Vitiligo has a substantial impact on patients’ psychological health, says Dr. Ayesha Akinkugbe, a dermatologist at the skin clinic of Lagos University Teaching Hospital.
However, the clinic is understaffed, Akinkugbe says. Its two dermatologists attend to about 40 patients a day, and so they cannot offer more services to vitiligo patients.
“For me, what would be great would be to have a psychologist with us during our clinics,” Akinkugbe says. “We try to do the little we can, but it is not so much. That also takes time. We are not trained psychologists either, but by virtue of our training, we can help.”
Others throughout Nigeria have noted the impact of Maduewesi’s work.
Oyebisi Babatunde Oluseyi, executive director of Nigeria Network of NGOs, says Maduewesi educates people every chance she gets.
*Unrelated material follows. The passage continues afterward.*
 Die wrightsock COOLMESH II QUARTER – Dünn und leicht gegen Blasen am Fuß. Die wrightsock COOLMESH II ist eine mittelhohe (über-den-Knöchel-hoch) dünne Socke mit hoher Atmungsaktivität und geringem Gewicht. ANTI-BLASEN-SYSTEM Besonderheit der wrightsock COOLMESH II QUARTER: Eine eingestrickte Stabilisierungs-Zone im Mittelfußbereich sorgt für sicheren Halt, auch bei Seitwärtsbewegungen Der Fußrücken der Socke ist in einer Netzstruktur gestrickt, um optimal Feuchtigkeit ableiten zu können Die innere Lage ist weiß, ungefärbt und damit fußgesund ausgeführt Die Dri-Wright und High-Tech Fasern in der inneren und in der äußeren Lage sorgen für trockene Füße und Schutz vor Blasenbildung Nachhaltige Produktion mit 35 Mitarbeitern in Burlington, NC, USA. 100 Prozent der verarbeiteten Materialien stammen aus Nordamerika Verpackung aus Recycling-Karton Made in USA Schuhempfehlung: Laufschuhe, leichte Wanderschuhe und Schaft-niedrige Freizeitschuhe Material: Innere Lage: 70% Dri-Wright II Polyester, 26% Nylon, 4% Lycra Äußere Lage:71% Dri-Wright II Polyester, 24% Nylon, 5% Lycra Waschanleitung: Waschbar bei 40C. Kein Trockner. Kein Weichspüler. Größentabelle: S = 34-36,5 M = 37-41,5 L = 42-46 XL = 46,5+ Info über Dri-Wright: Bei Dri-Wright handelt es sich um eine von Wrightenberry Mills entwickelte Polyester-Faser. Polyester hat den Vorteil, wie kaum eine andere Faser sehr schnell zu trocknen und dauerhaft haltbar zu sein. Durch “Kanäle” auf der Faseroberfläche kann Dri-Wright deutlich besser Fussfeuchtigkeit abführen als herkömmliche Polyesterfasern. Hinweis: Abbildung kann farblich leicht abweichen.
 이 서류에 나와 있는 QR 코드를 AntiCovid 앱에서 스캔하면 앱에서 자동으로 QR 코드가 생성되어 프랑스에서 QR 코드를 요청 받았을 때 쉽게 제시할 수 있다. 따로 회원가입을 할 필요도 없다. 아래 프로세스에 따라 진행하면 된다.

“VITSAF has no doubt brought to the front burner issues of vitiligo which before I met Ogo I’d not heard about,” he says. “Yes, I have seen a couple of people with patches on their skin. I never saw it as an issue until I started following VITSAF’s activities.”
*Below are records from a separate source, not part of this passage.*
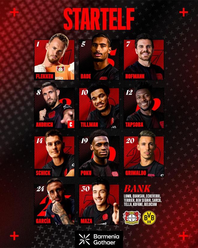 北京時(shí)間11月30日1:30,德甲第12輪繼續(xù)進(jìn)行,勒沃庫(kù)森坐鎮(zhèn)拜耳競(jìng)技場(chǎng)迎戰(zhàn)多特蒙德,本場(chǎng)主裁判為托比亞斯-韋爾茨,賽前雙方首發(fā)出爐。
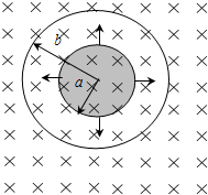 一个实心圆柱导体和一个中空圆柱形导体共轴放置,其间为真空.实心柱体半径为a,中空柱体内半径为b,如图所示,其间有磁感应强度为B的匀强磁场,一个电子以径向速度从内柱体表面射出,试问电子的速度满足什么条件才能和中空柱体相碰,设电子质量为m,电量为e.
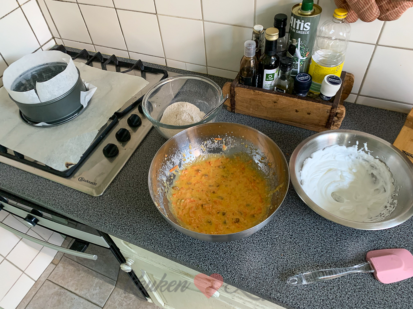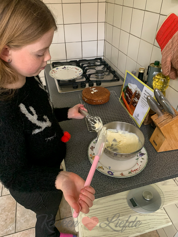 Zondag bakdag. (Eigenlijk is elke dag hier bakdag.) De kleine chef staat weer in de keuken om een carrot cake te maken met de bakbox die we vorige week kregen thuisgestuurd van Boter & Bloem. Hoewel de bereiding op de kaart die erbij zat soms niet helemaal duidelijk was, zag het uiteindelijke resultaat er goed uit! De smaak vonden we tegenvallen. De cake is heel vast en een beetje taai. Wat ons betreft geen succes helaas.
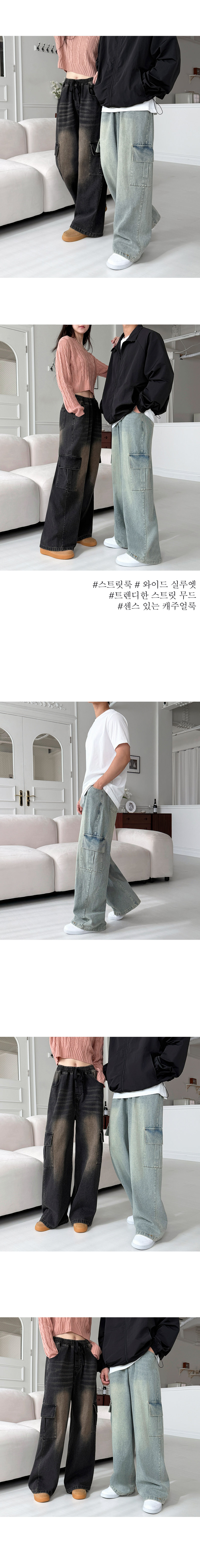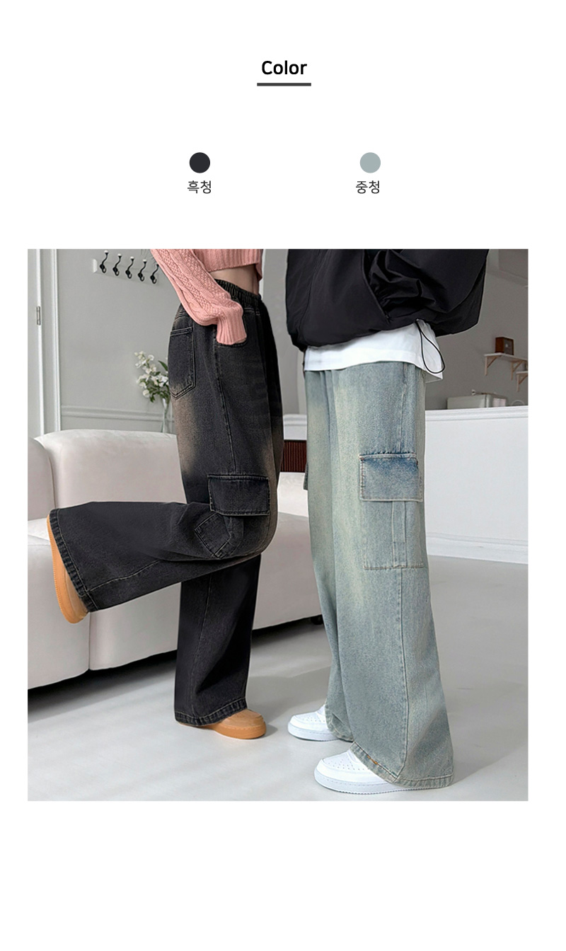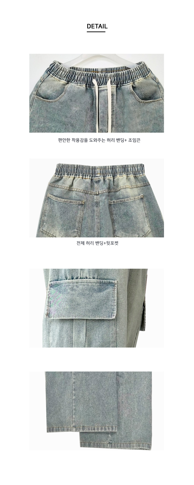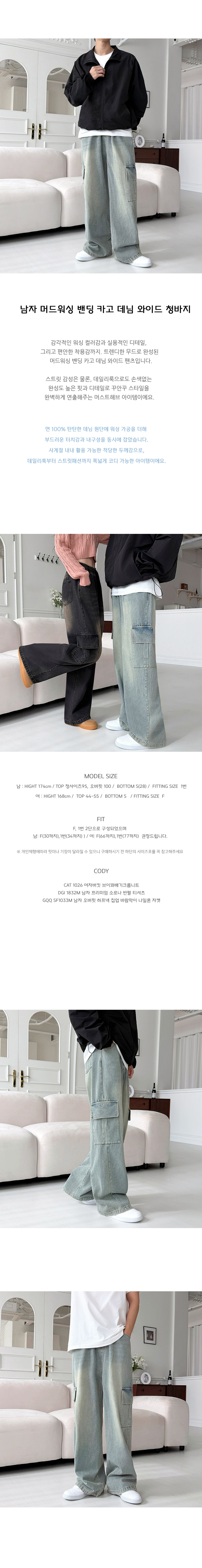 와이드 남자 데님 오버핏 밴딩 청바지 카고 남성 바지 팬츠

Maduewesi says treating vitiligo requires dedication to one’s whole health.
She now eats a lot of raw vegetables and fruits. She takes folic acid and vitamin B12 supplements. She ingests antioxidants, including produce and supplements, to help pigmentation cells recover. She is diligent about applying sunscreen to her white patches.
Maduewesi also keeps her stress level low; over the years, she has noticed she gets more white patches when she is stressed.
Maduewesi aims to continue raising awareness of vitiligo.
“Now I use everything to build the confidence of people living with vitiligo,” she says. “For each project, people come out more, their self-esteem gets better. It also shows that we are beautiful, and we can be anything that we want to be.”
Editor's Note: Cristi Hegranes, founder and executive of Global Press Institute, also is an Ashoka Fellow. She is not acquainted with Maduewesi.